Blog
24 July 2020
All in a Day’s Eye: The Politics of Innocence in the Javett Art Collection is a curatorial project that foregrounds the exhibition format as a continuous thinking system. This was achieved by, among other things, altering the exhibition space with additional diagonal walls.
These additional walls are meant to encourage and facilitate experiences that are not always seen from one perspective from one audience member to another. In this way the walls are there to encourage dialogues in which differing views can lead to productive tensions that in turn can contribute towards a critical learning process. The curatorial project considers how, to borrow from Jacques Rancière (The Politics of Aesthetics), “images are the object of a twofold question: the question of their origin (and consequently their true content) and the question of their end or purpose, the uses they are put to and the effects they result in”. All in a Day’s Eye considers how art and its histories can affect our understanding of present political realities and how they have been shaped by the past.
In order to encourage and facilitate these dialogues the curator and research team of All in a Day’s Eye have designed a series of public programmes that are meant to engage individuals from different experiences and backgrounds.
In March 2020, the curator and research collaborators of All in a Day’s Eye: The Politics of Innocence in the Javett Art Collection unveiled the first in a series of activations that will transform the exhibition space into process-based activities and interventions. These activities will allow critical exploration that will potentially lead to the next phase of engagements with the Javett Family Collection.
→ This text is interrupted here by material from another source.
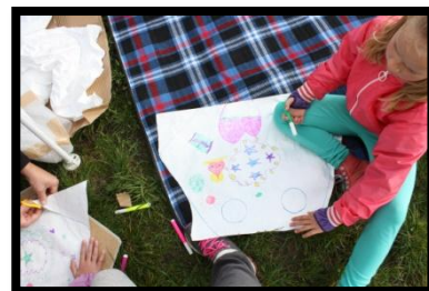
En meget flot drage

Phase one of the public programme – and an ongoing initiative – replaced five selected artworks in the Javett Family Collection by objects, texts and other artistic interventions that respond to the exhibition in a direct, dialogical and critical way. This phase will help facilitate future curatorial interpretations of the collection and will further provide the collection with archival material that can be used by researchers and members of the public requiring more information on specific works and on All in a Day’s Eye as an inaugural exhibition.